By way of contrast, Procter & Gamble, Aa3/
AA-, paid a mere 5bp on a €2.1bn three-parter
on October 24.
“They’re hefty concessions, but Atos has size to
achieve, and it’s an M&A-related bond that they
have to get done,” said a syndicate banker away.
“They’re taking a longer-term pragmatic view.”
Proceeds will help the French IT services
company refinance the US$3.8bn-equivalent of
loans backing its US$3.4bn acquisition of US-
based information technology firm Syntel.
The deal, Atos’s rated debut in the European
investment-grade market, was split between a
€700m 3.5-year, €750m 6.5-year and €350m
10-year.
Atos’s generous approach came after US
chemicals company CELANESE (Baa3/BBB-) only
managed to move the pricing needle by 5bp
from IPTs of 150bp area over swaps for a €500m
long eight-year.
Concessions are likely to remain elevated
for Triple B borrowers in the near term, the
syndicate banker said.
“There is no immediate catalyst for
concessions moving down - especially because
the pipeline is skewed towards Triple Bs.”

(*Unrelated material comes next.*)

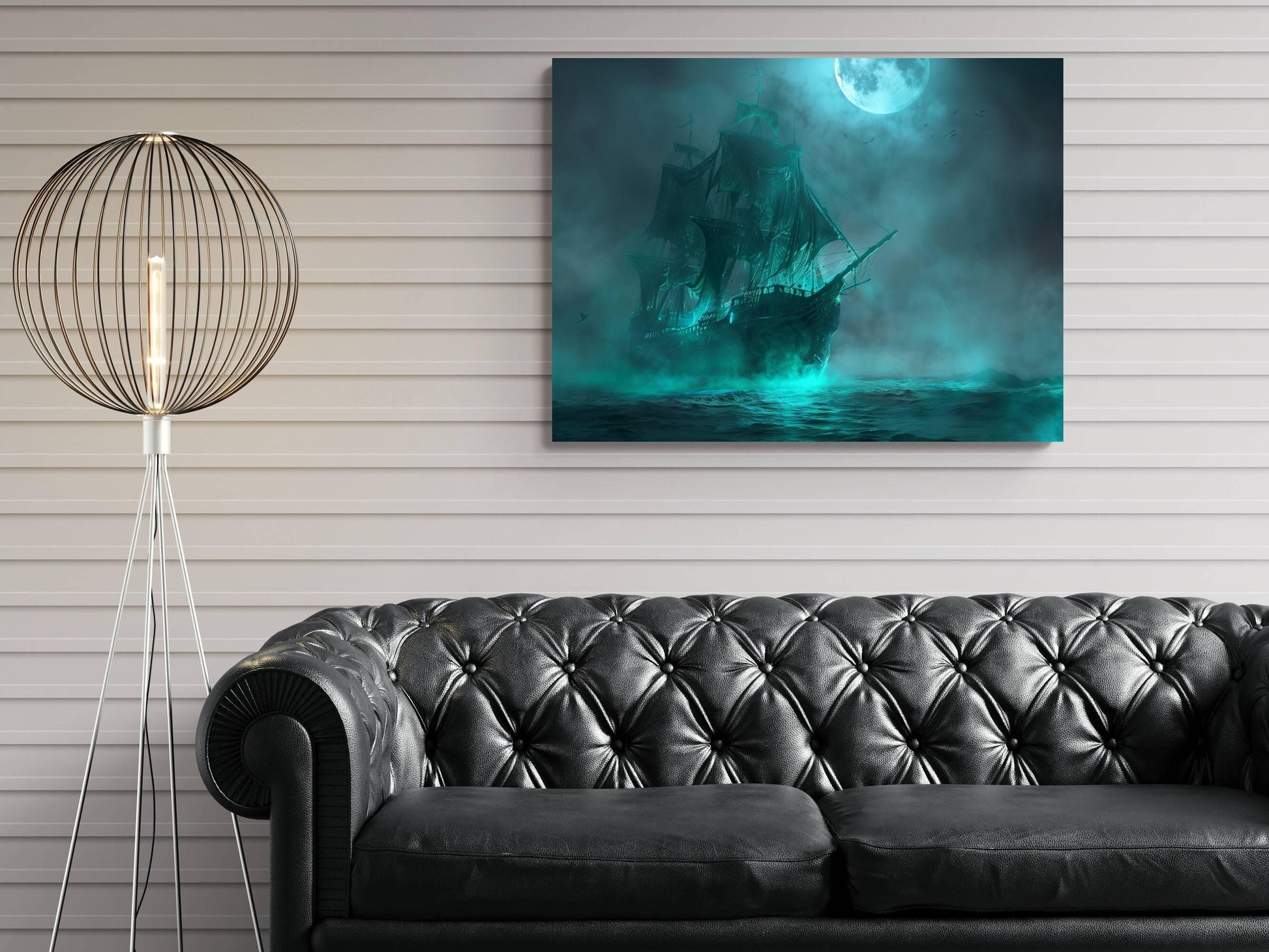 Ghost Ship Canvas Print, Ethereal Pirate Vessel Wall Decor, Spectral Galleon Teal Fog Painting, Haunted Maritime Fantasy Artwork

Higher-rated borrowers are sitting on the
sidelines while the market looks volatile.
Potential borrowers include Grenke, Tele2 and

Intercontinental Hotels, all of which carry ratings
within the Triple B bracket and may have to be more
cautious about their approach to pricing, bankers say.
“It’s clear investors are being relatively price
sensitive,” a second syndicate banker said. “It is
not the market for people who are looking for
opportunistic funding.”
The issuers in the pipeline are to some extent
idiosyncratic and so should not be taken as a
direct reflection of investor appetite overall, a
third syndicate banker said.
“Each has its own story and peculiarity, and
there’ll be a price to get them done,” he said.
“I want to see where a credit like Saint-Gobain
or Telefonica comes.”

MARKET FEARS
Fears about the end of the cycle and a poor earnings
season have generated what BAML analysts call an
exodus out of corporate bonds towards safer ground
such as government debt and money markets.
High-grade funds recorded their eleventh
week of outflows in a row last week, according to
BAML analysts.
One problem at present is that Triple B credits
are skewed towards cyclical sectors that investors
are avoiding, such as autos, a DCM banker said.
Triple B companies have printed just under
€125bn in the European corporate market this
year, according to IFR data, out of a total €197bn.
Those golden times could soon be over.
“The psychology of the market has turned,” a
third syndicate banker said.
Despite the volatility, bankers do not feel as if there
will be a problem getting any of the deals done.
“There’s a difference between pricing impact
and an execution risk impact,” the second syndicate
banker said. “For me, it’s more a pricing discussion
than a ‘don’t want to buy anything’ discussion.”